This undersells it quite a bit. Other than his use of "stat nerds," he's quite complimentary of the work you guys do, as "even the most astute analysts have been caught looking by Bautista's breakout season," should demonstrate.

The headline, of course, is junk.
   12. James Kannengieser Posted: September 06, 2010 at 01:28 PM (#3634269)
The headline was far more provocative than the article.

Agreed. He even writes this in the piece:

But you can hardly fault the baseball nerds for failing to predict Jose Bautista's remarkable season.

Assuming the author didn't concoct the headline, some editor is being unfair here. (Use of "baseball nerds" isn't offensive to me.)
   13. RayDiPerna Posted: September 06, 2010 at 01:36 PM (#3634274)
The above snippet takes the piece out of context. The author also wrote:

But you can hardly fault the baseball nerds for failing to predict Jose Bautista's remarkable season. Here's what they had to go on:


EDIT: Cokes all around.
   14. fra paolo Posted: September 06, 2010 at 01:38 PM (#3634275)
author didn't concoct the headline

I'm constantly surprised that people think authors do concoct the headlines. Certainly in my days in print media we kept authors as far away from the headlines as we could.
   15. Greg (U)K Posted: September 06, 2010 at 01:41 PM (#3634278)
I read the headline as "McDonald and Bautista prove the stat nerds wrong"
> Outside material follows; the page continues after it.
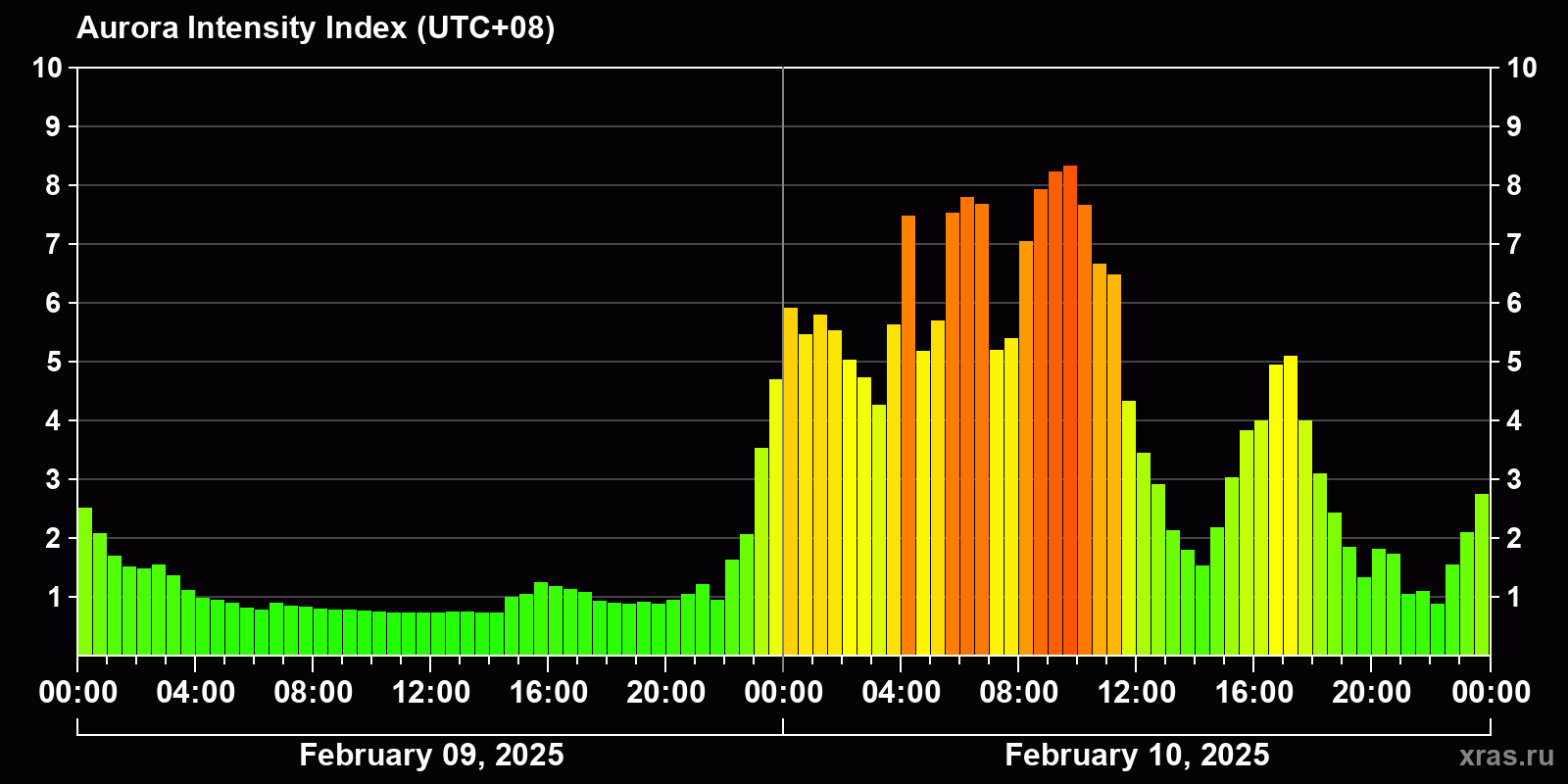 Changes in the auroral intensity index from 2025-02-09 to 2025-02-10 local time
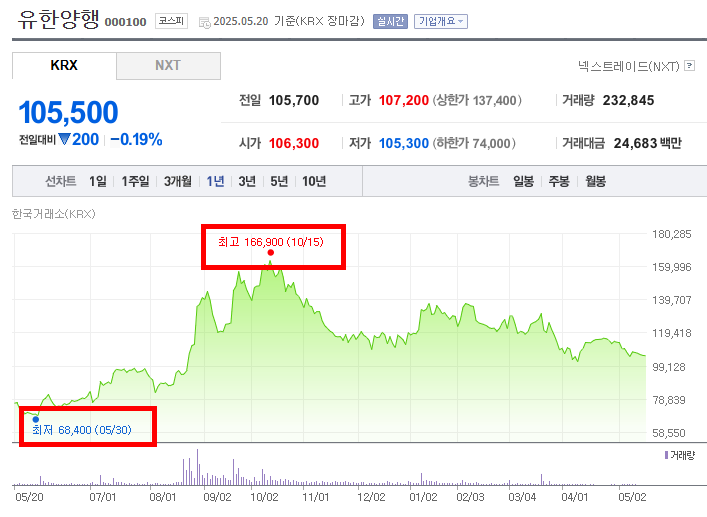 유한양행 주가 52주 변화

And thought, ok, John McDonald is having a surprisingly strong season with the bat, but that's a bit much.
   16. Greg (U)K Posted: September 06, 2010 at 01:44 PM (#3634282)
I'm constantly surprised that people think authors do concoct the headlines. Certainly in my days in print media we kept authors as far away from the headlines as we could.

I'm pretty ignorant on the subject, but I've alawys assumed one of the reasons for this was to have the headline written by someone who was putting together the whole page (ie. for formatting reasons). Is there a reason to continue this policy on the internet?
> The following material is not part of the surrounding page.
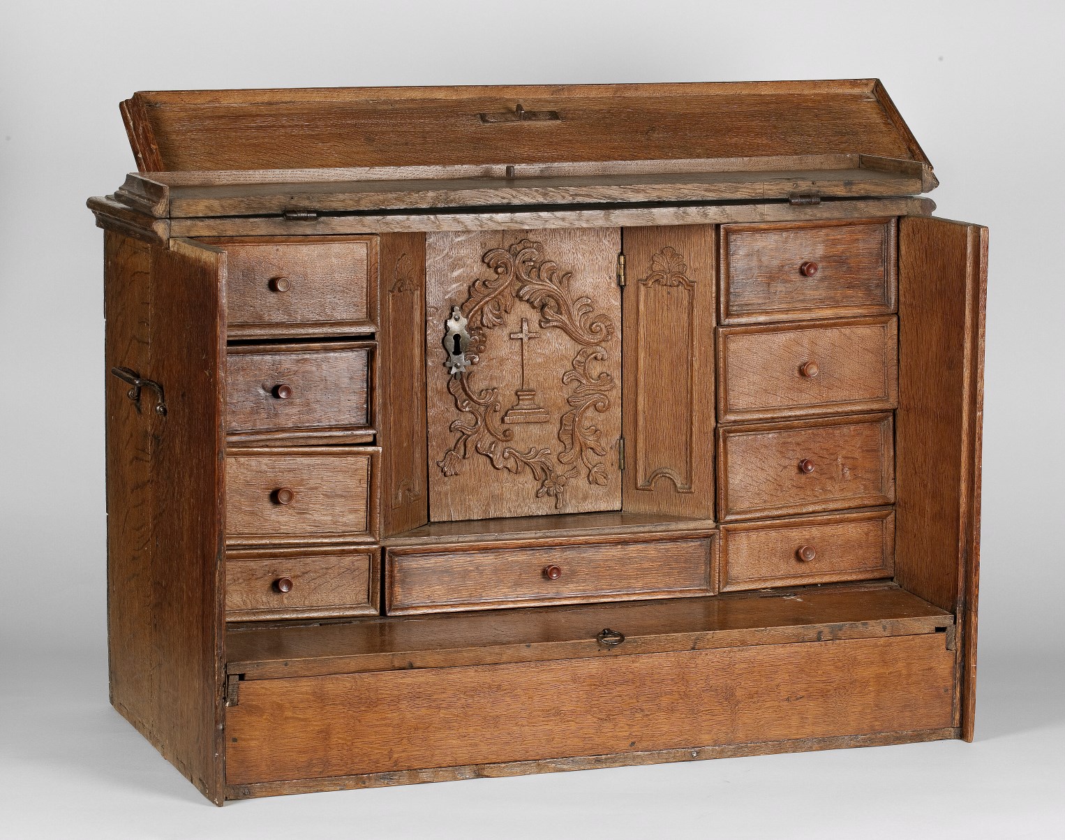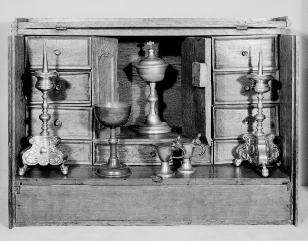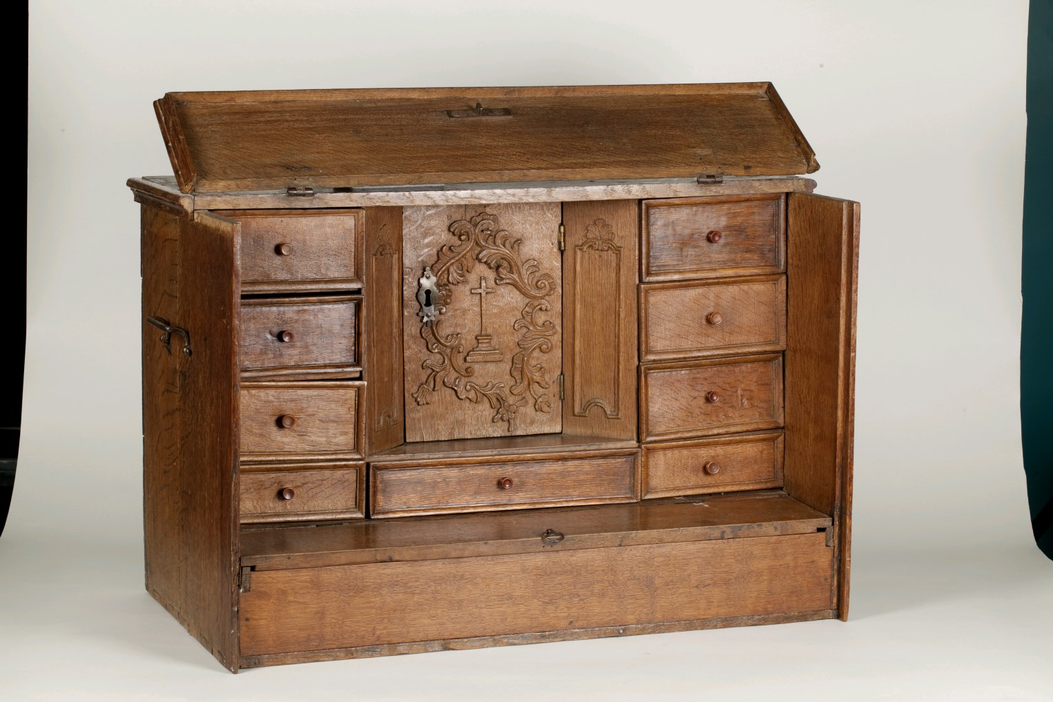 Altaarkist met tabernakel (altare portabile), tabernakeldeur versierd met kruis

(This is an actual question, I have no idea if my original assumption is even correct)
   17. RayDiPerna Posted: September 06, 2010 at 01:46 PM (#3634283)
I don't know if there is a perception that statheads get frustrated being this wrong about a player. Not me. It would be a boring game if everyone just hit their projections. Bautista is a great, and fun story this year. I'm still skeptical he can do it again. I think this year will end up looking out of place with the rest of his career, like Brady Anderson or Roger Maris.


The only "frustrating" thing to me about projections is that they're necessarily conservative. You can basically guess at a player's projection just by looking at his age and his stat line for the last three years, and basically end up in the ballpark; I can't recall being shocked at a player's projection, aside from some minor league prospects, but that's because I don't have a sense of park and league adjustments for the minors.

I think Gary Huckabay had a system (Wilton) that was designed to try to predict breakout seasons more. That was more fun, but he was probably wrong more than the more conservative projection systems.

This is why I like BP's projections, where they give you percentiles. That way you can get a real sense for how a player will do if everything breaks his way. Of course, even then, the percentile projections basically fall along a straight line.

How are the systems with pitchers these days? Is it still easier to project a hitter than a pitcher? I imagine pitchers are still harder because of the lack of predictability of BABIP, and because of pitchers pitching through injuries, etc., which would seem to affect pitchers more than hitters.
   18. RayDiPerna Posted: September 06, 2010 at 01:50 PM (#3634288)
Anyway, obviously with Bautista the main points are:

* Everyone misses on a player like him, scouts and nerds alike;
* There are seasons like Bautista's sprinkled throughout major league history.
   19. AJM Posted: September 06, 2010 at 01:50 PM (#3634289)
Shouldn't the writer have some say over the headline, so he doesn't look like an idiot?
   20. fra paolo Posted: September 06, 2010 at 01:54 PM (#3634292)
I've always assumed one of the reasons for this was to have the headline written by someone who was putting together the whole page (ie. for formatting reasons).

Like everything 'here' was derived from the route from 'there'. In the days of hot metal you might rework the headline through several editions as the space available was adjusted by the editor's priorities or story developments.

Even on a web site that might apply if you've got the article linked from a main contents page and want identical headlines.
   21. fra paolo Posted: September 06, 2010 at 01:55 PM (#3634294)
Shouldn't the writer have some say over the headline, so he doesn't look like an idiot?

If you don't want to look like an idiot in print, don't write for publication. The fact is, so many things can happen, even accidentally, in the publishing process that all writers have something in their past they want to hide.
   22. Dan Szymborski Posted: September 06, 2010 at 01:59 PM (#3634298)
I've never written a title for a non-BTF article. Which is awesome because I hate titles (and endings).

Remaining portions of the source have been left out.